Instead of using AWS another approach involves self hosting the hardware as well. Even after factoring in energy, this does dramatically lower the price.
Assuming we want to mirror our setup in AWS, we’d need 4x NVidia Tesla T4s. You can buy them for about $700 on eBay.
Add in $1,000 to setup the rest of the rig and you have a final price of around:
$2,800 + $1,000 = $3,800
This whole exercise assumes that you're using the Llama 3 8b model. At full fp16 precision that will fit in one 3090 or 4090 GPU (the int8 version will too, and run faster, with very little degradation.) Especially if you're willing to buy GPU hardware from eBay, that will cost significantly less.
I have my home workstation with a 4090 exposed as a vLLM service to an AWS environment where I access it via reverse SSH tunnel.

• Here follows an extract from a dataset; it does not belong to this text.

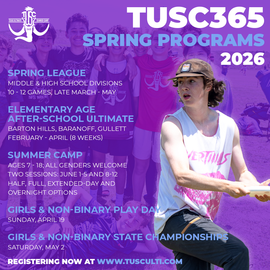 TUSC is developing a vision and plan for YEAR-ROUND youth Ultimate programming, and we want to hear from YOU! Please consider filling out this short google form to help inform our decisions and offerings. Thanks in advance for your input!

Why did this only occur to me recently? You can selfhost a k8s cluster and expose the services using a $5 digital ocean droplet. The droplet and k8s services are point-to-point connected using tailscale. Performance is perfectly fine, keeps your skillset sharp, and you’re self-hosting!
You can also just directly connect to containers using Tailscale if it's just for internal use. That is, having an internally addressable `https://container_name` on your tailnet per-container if you want. This way I can setup Immich for example and it's just on my tailnet at `https://immich` without the need for a reverse proxy, etc...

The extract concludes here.